Reputation: 38643
Why is the self
and related
references different in the below JSONAPI resource? Aren't they pointing to the same resource? What is the difference between going to /articles/1/relationships/tags
and /articles/1/tags
?
{
"links": {
"self": "/articles/1/relationships/tags",
"related": "/articles/1/tags"
},
"data": [
{ "type": "tags", "id": "2" },
{ "type": "tags", "id": "3" }
]
}
Upvotes: 13
Views: 2904
Reputation: 5036
They are different. Here is an example from my project.
Try Get http://localhost:3000/phone-numbers/1/relationships/contact
you will get response like this:
{
"links": {
"self": "http://localhost:3000/phone-numbers/1/relationships/contact",
"related": "http://localhost:3000/phone-numbers/1/contact"
},
"data": {
"type": "contacts",
"id": "1"
}
}
You didn't get the attributes
and relationships
which is probably you want to retrieve.
Then
Try Get http://localhost:3000/phone-numbers/1/contact
you will get response like this:
{
"data": {
"id": "1",
"type": "contacts",
"links": {
"self": "http://localhost:3000/contacts/1"
},
"attributes": {
"name-first": "John",
"name-last": "Doe",
"email": "[email protected]",
"twitter": null
},
"relationships": {
"phone-numbers": {
"links": {
"self": "http://localhost:3000/contacts/1/relationships/phone-numbers",
"related": "http://localhost:3000/contacts/1/phone-numbers"
}
}
}
}
}
You can see you retrieved all the information you want, including the attributes
and relationships
.
But you should know that relationships
can be used for some purpose. Please read http://jsonapi.org/format/#crud-updating-to-one-relationships as a sample.
Upvotes: 4
Reputation: 3453
You can read about that here: https://github.com/json-api/json-api/issues/508.

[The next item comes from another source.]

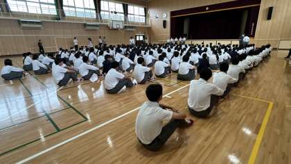 今日は木曜日ですが、全校集会を開きました。明日で3週間の教育実習を終える、実習生の挨拶があるためです。
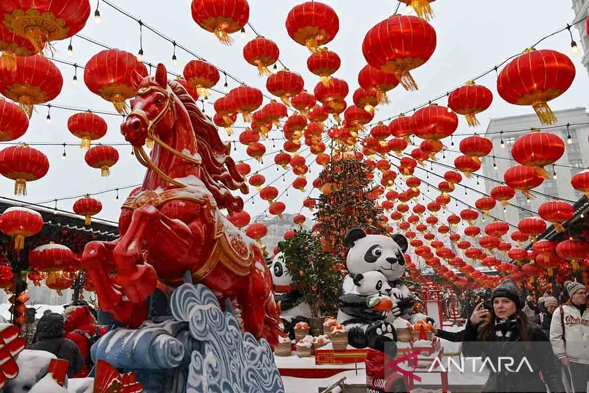 Pengunjung menyaksikan dekorasi perayaan tahun baru Imlek di Moscow, Russia, Senin (16/2/2026). ANTARA FOTO/Xinhua/Alexander Zemlianichenko Jr/rwa.

Basically, with /articles/1/relationships/tags
response will be object which represents relationship between articles
and tags
. The response could be something like this (what you put in your question):
{
"links": {
"self": "/articles/1/relationships/tags",
"related": "/articles/1/tags"
},
"data": [
{ "type": "tags", "id": "2" },
{ "type": "tags", "id": "3" }
]
}
This response gives only the necessary data (in primary data attribute - data) to manipulate the relationship and not resources connected with relationship. That being said, you'll call /articles/1/relationships/tags
if you want to create new relationship, add a new tag (basically updating relationship) to article, read which tags belong to article (you only need identity to search them on server) or delete article tags.
On the other hand, calling /articles/1/tags
will respond with tags as primary data with all the other properties that they have (articles, relationships, links, and other top-level attributes such include, emphasized text, links and/or jsonapi).